Assume we are in the serial interrupt and R0 is the address to the memory space in which data is to be received. Let's assume start address is 40h
So here we go with a bunch of compares:
Branching via many compares
serial:
mov A,SBUF
mov @R0,A
mov A,R0
anl A,#07h ;our packet is 8 bytes so get current packet # based on what we stored so far
cjne A,#0h,nCheckMe ;this gets scanned if A=7... waste 2 clock cycles
//We're working on first byte
ajmp theend
nCheckMe:
cjne A,#1h,nCheckThem ;this gets scanned if A=7... waste 2 clock cycles
//We're working on second byte
ajmp theend
nCheckThem:
...
cjne A,#7h,nCheckEnd
//We're working on last byte
ajmp theend
nCheckEnd:
theend:
inc R0
reti
The above code might be practical at first but as the current byte in the packet to work on increases, the routine runs 2 clock cycles slower each time because of the extra "cjne" instruction processing. For example, if we are on the 7th byte, then "cjne" would happen many times because it has to scan through each case which adds slowness.
Branching via jump
Now I thought of using just a jump but I can't figure out how to load DPTR at high speed because the interrupt can get called even when some other process is using the value of DPTR.
I thought of this code:
serial:
mov A,SBUF
mov @R0,A
mov A,R0
anl A,#07h ;our packet is 8 bytes so get current packet # based on what we stored so far
swap A ;multiply A times 16 and
rr A ;divide A by 2 so we get address times 8 since each block uses 8 bytes of code space.
mov R3,DPH ;save DPTR high byte without breaking stack
mov R6,DPL ;save DPTR low byte
mov dptr,#table
jmp @A+DPTR
theend:
mov DPL,R6 ;restore DPTR low byte
mov DPH,R3 ;restore DPTR high byte
inc R0 ;move on to next position
reti
table:
;insert 8 bytes worth of code for 1st case
;insert 8 bytes worth of code for 2nd case
;insert 8 bytes worth of code for 3rd case
...
;insert unlimited bytes worth of code for last case
In my code, R3 and R6 were free so I used them to store the old DPTR value but those mov instructions as well as loading the new DPTR value take 2 cycles each for 10 cycles total (including restoring old value).

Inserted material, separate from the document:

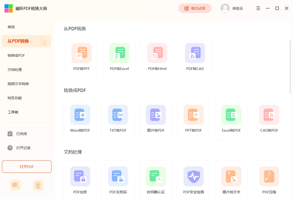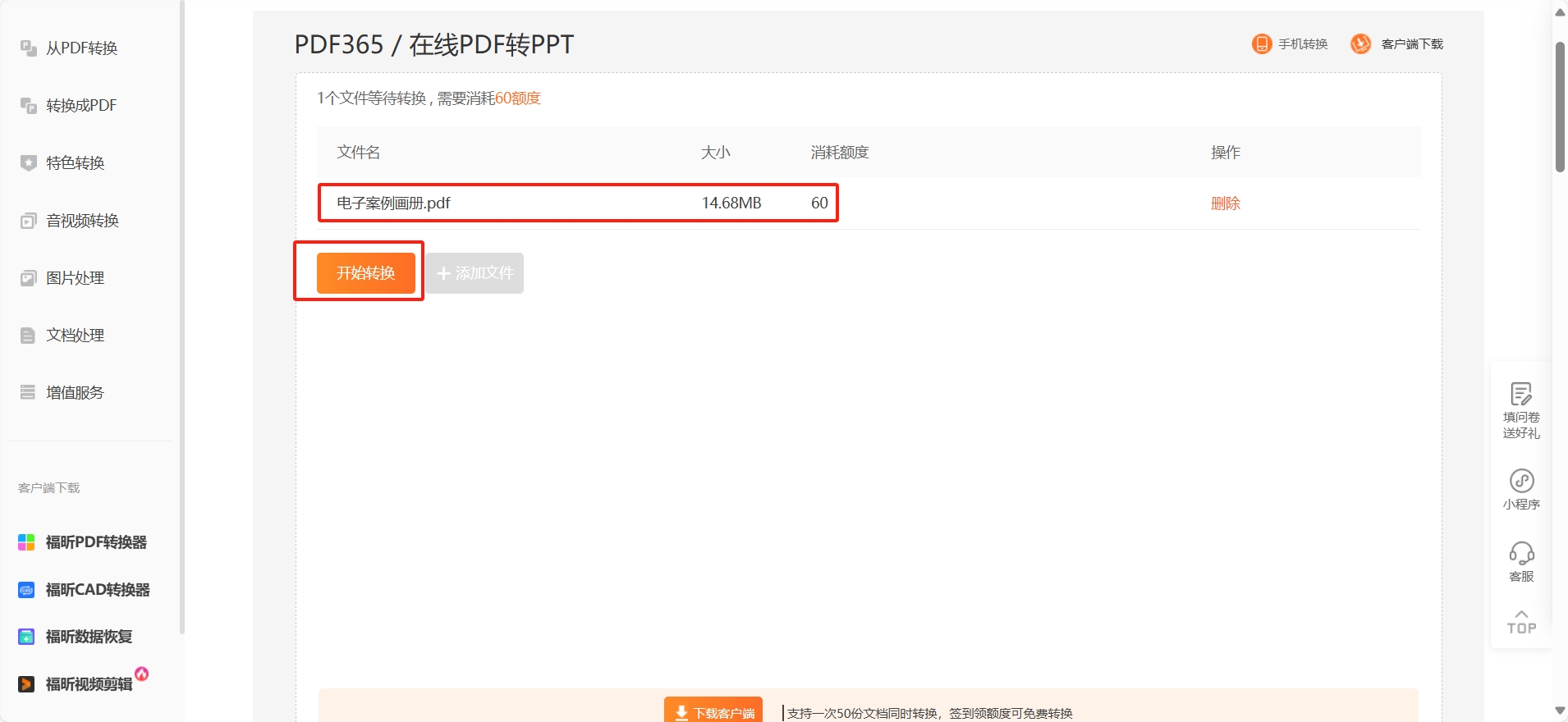 多个PDF文档怎么做才能够更快的转换成PPT?除了将多个PDF合并后再转换,我们还可以用福昕PDF365的批量转换功能,将多个PDF文档批量转换成PPT。这款工具支持多种格式转换,无论是PDF转PPT还是PDF批量转PPT都可以轻松搞定,那么下面我们就一起来看看这款工具是如何将PDF文档批量转换成PPT格式的吧。

Is there a faster way to process a case construct in 8051 assembly code so that my serial routine processes faster?
Don't run logic in the ISR if possible. If you insist, you might be able to assign DPTR to the ISR and only use it in very short pieces of normal code with interrupts disabled. Alternatively, a PUSH+RET trick could work.
Here is a chained approach, where each processed character just sets the address for the next step. If you can ensure the steps are within the same 256 byte block, you only ever need to update the low byte. The total overhead is 8 cycles, but you also save the 4 cycles for the arithmetic so it's a win of 6 cycles.
.EQU PTR, 0x20 ; two bytes of SRAM
; Initialize PTR to address of step1
serial:
push PTR
push PTR+1
ret
step1:
; do stuff
mov PTR, #low8(step2)
reti
last_step:
; do stuff
mov PTR, #low8(step1)
reti